A Python package for modular causal inference analysis and model evaluations
Apache License 2.0
728 stars 97 forks source link

Dependency housekeeping: sklearn>=1.2, numpy>2, pandas #72

Closed ehudkr closed 3 months ago

ehudkr commented 3 months ago

Adjust causallib and its tests for scikit-learn version >=1.2.0. And do additional housekeeping adjusting for ever-evolving changes in causallib's dependencies.

Starting version 1.2.0 Scikit-learn enforced named inputs (i.e., dataframes) to have all their columns be of a single type. Namely, you could not fit an sklearn model on a dataframe with an integer column name (e.g., 0) and a string column name (e.g., "x1"). This has caused causallib to crash depending on the provided input (especially the ones in its tests). This is because causallib may often join the covariates X and treatment a (Standardization) and some propensity-based features (PropensityFeatureStandardization). And if the name given to a and/or the propensity feature is, for example, a string, while X columns are integers, it would've cause sklearn to crash. Note that non-string column names in dataframes seem to be anti-pattern, and therefore if the user provided X with string columns and a with a string name, no error should've arise, 2) the proposed solution will tend to stringify columns/names.
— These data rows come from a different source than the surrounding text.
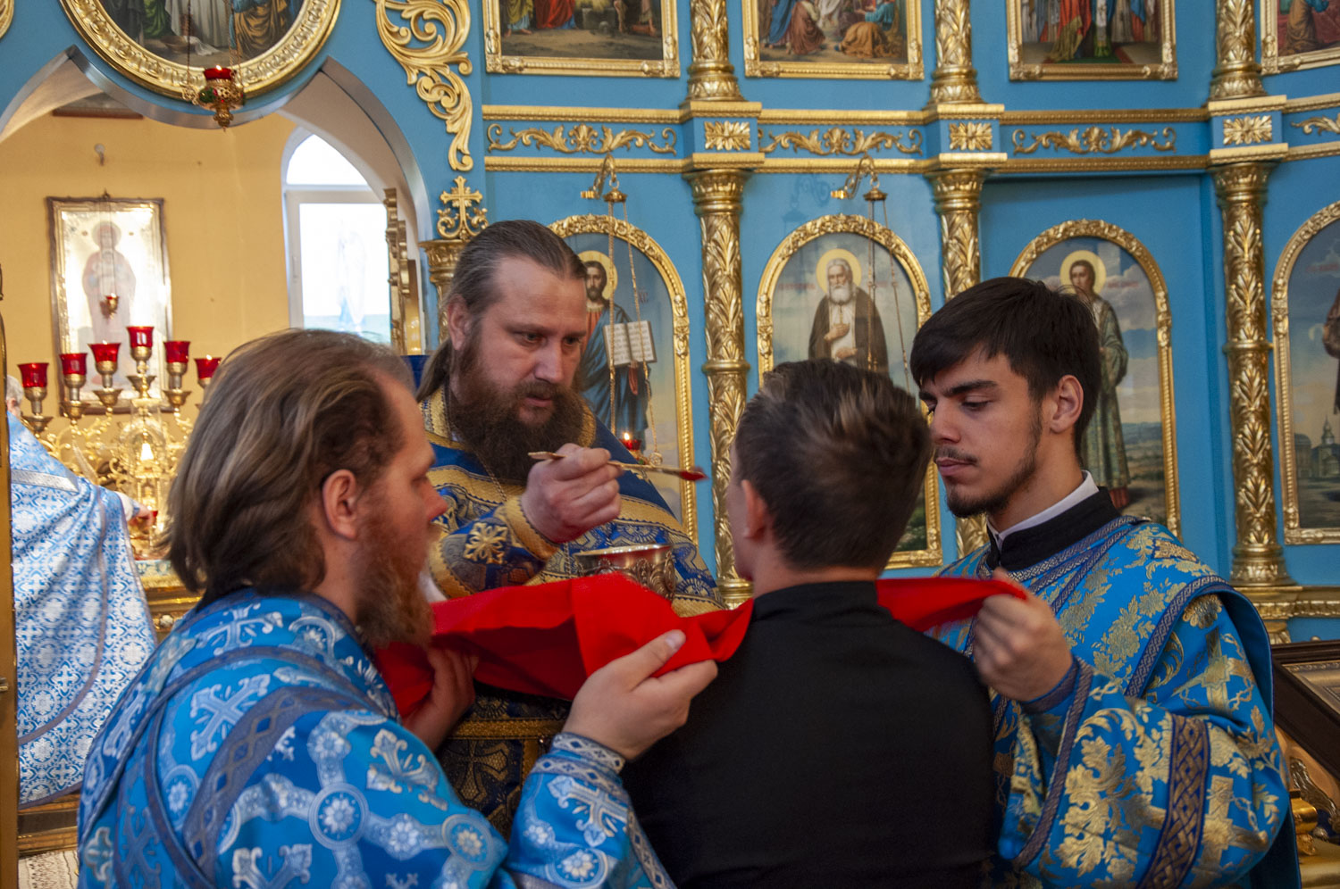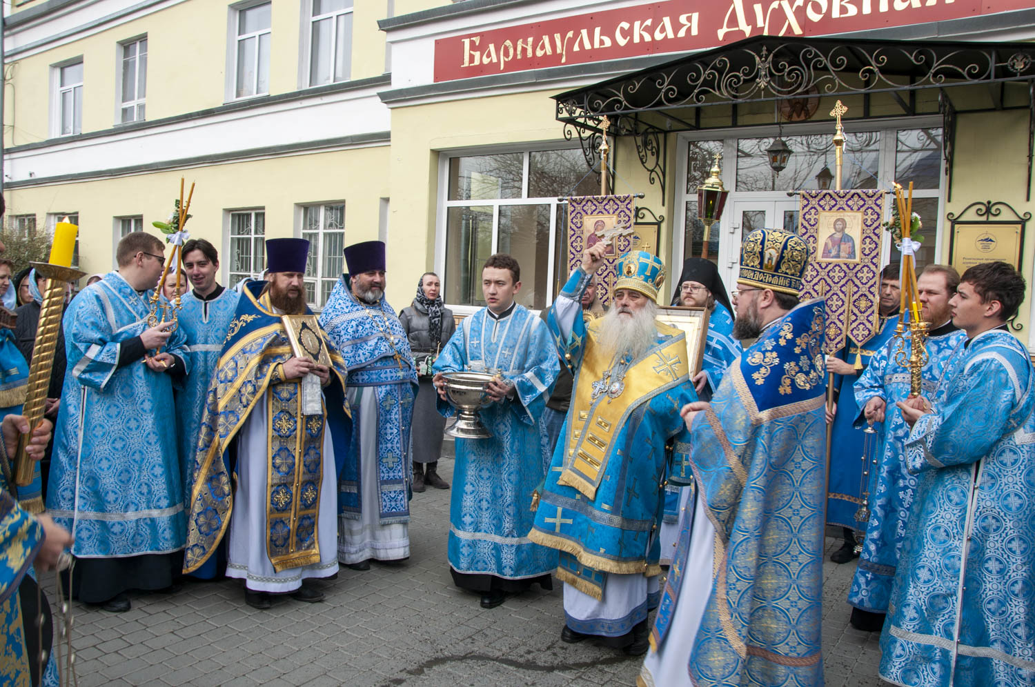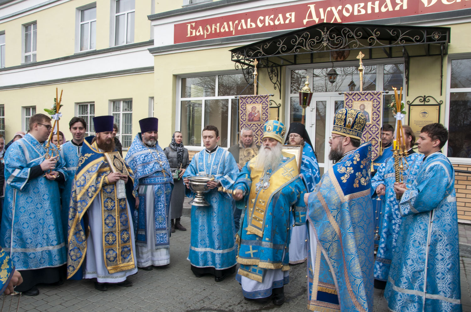 В престольный праздник духовной школы Его Высокопреосвященству сослужили: секретарь Барнаульской епархии, проректор по общим вопросам Барнаульской духовной семинарии архимандрит Иларион (Морозов), врио Ректора Барнаульской духовной семинарии иерей Анатолий Бочкар, первый проректор и проректор по научной работе Барнаульской духовной семинарии протоиерей Георгий Крейдун, проректор по учебной работе иерей Алексий Изосимов, старший помощник проректора по воспитательной работе иеромонах Модест (Илюшин), руководитель службы протокола Барнаульской епархии иерей Олег Берендеев, студенты 3 курса в священном сане диакон Олег Вихлянов и диакон Евгений Максимов.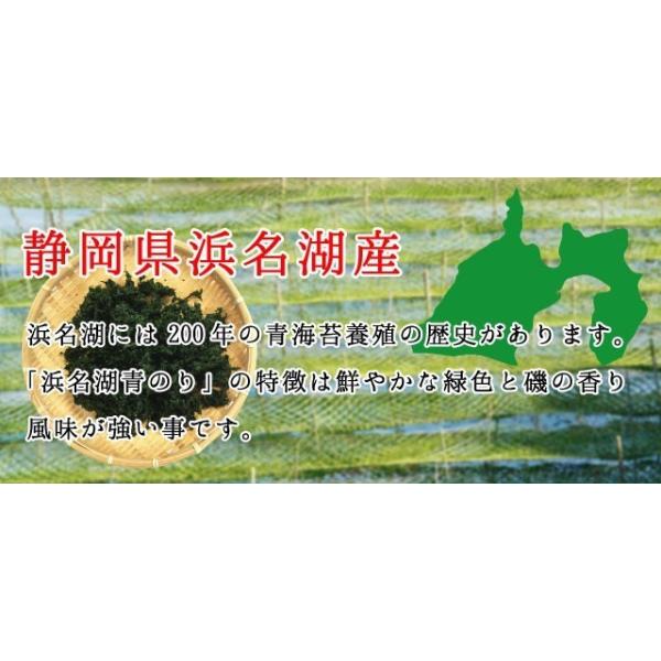 「浜名湖青のり」の特徴は鮮やかな緑色と磯の香り風味が強い事です。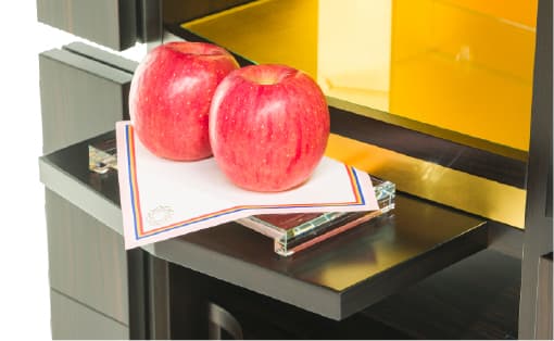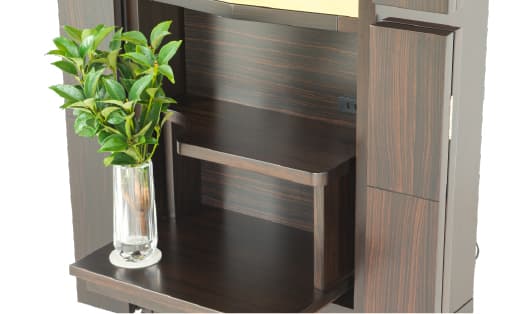 お供えをするときに便利な膳引きは、必要な時に引き出してお使いいただけます。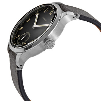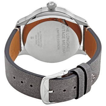 Stainless steel case with a anthracite (calfskin) leather strap. Fixed stainless steel bezel. Black dial with luminous silver-tone hands and Arabic numeral hour markers. Minute markers around the outer rim. Dial Type: Analog. Luminescent hands and markers. One subdial displaying: small seconds. Longines Calibre L507 hand wind movement with a 46-hour power reserve. Scratch resistant sapphire crystal. Pull / push crown. Solid case back. Round case shape, case size: 43 mm. Band width: 20 mm. Tang clasp. Water resistant at 30 meters / 100 feet. Functions: hour, minute, second. Additional Info: limited edition. Heritage Military Series. Luxury watch style. Watch label: Swiss Made. Longines Heritage Military Hand Wind Black Dial Men's Watch L2.826.4.53.2.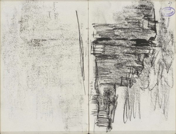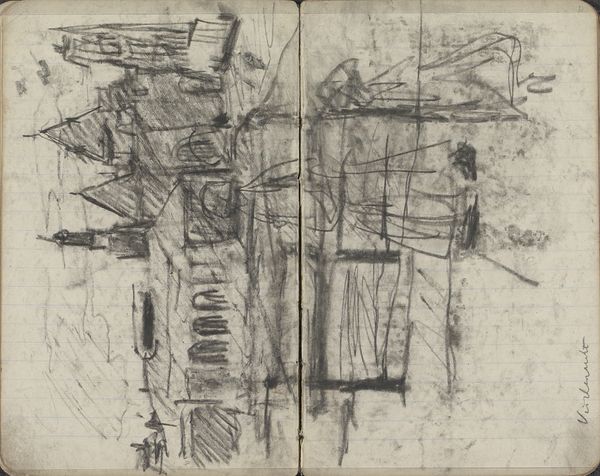 Curator: This sketch captures the Rokin in Amsterdam as seen through the eyes of George Hendrik Breitner between 1893 and 1898. We're looking at a pencil and graphite drawing currently held at the Rijksmuseum. Editor: Immediately, I'm struck by the dense, almost claustrophobic feeling. The heavy use of graphite creates such a murky, urban atmosphere; I find it hard to breathe just looking at the marks on the page. Curator: That dense feeling really mirrors Breitner's project of representing the gritty reality of Amsterdam. The late 19th century was a time of immense social change, with the rapid growth of cities. Artists like Breitner played a pivotal role in how urban experience was represented, and the sketch's intensity reflects a modern social tension. Editor: True, the layering of dark tones and rapid lines communicates anxiety or maybe excitement over the urban flux. What do you make of the open composition? It bleeds across the sketchbook's spine to imply an extension. The choice emphasizes the continuousness of the urban surrounding, yet does so by halting visual information in the physical boundaries of this sketchbook. Curator: Yes, I find it really interesting. Breitner positions the city within reach of everyone because of the sketchbook's small format, which emphasizes accessibility through his visible process, suggesting art is a tool for social navigation available to more than a wealthy class of patron. Editor: I notice a stark division in visual information. In the background, the shapes flatten in value and fade into scribbled shading; in the foreground, some building is outlined or suggested but without shading that grounds it. This emphasizes pictorial depth with a push-pull in planar arrangement. What about that sketch in the bottom-right corner? Do you read that mark as separate from the spatial composition as a whole? Curator: That's an intriguing aspect, and it might show us Breitner experimenting with representing different dimensions of urban life—the planned structure of the cityscape butting up against the more fragmented reality of experiencing the street. It's less about idealizing the urban and more about acknowledging its multifaceted realities. Editor: Looking at how quickly it was sketched, perhaps during his engagement with Amsterdam’s environment, helps clarify how to examine the planar divisions as experiments on how to convey spatial information in compressed form. In its totality, I find this sketch a document with clear, powerful, artistic intents. Curator: Exactly. It serves as a testament to Breitner's engagement with his time, an immediate snapshot in his socio-historic exploration.

The proposed solution is mostly a "safe join" in which X's columns and a's name are evaluated for their types. If X's columns are of mixed types they are converted to strings. If X.columns and a.name type do not agree then there will be a preference to convert them all to strings. After this name sanitization, they are concatenated.

In addition to adjusting for scikit-learn>=1.2, there were additional changes to adjust the package for numpy>=2 and for pandas>=2.1.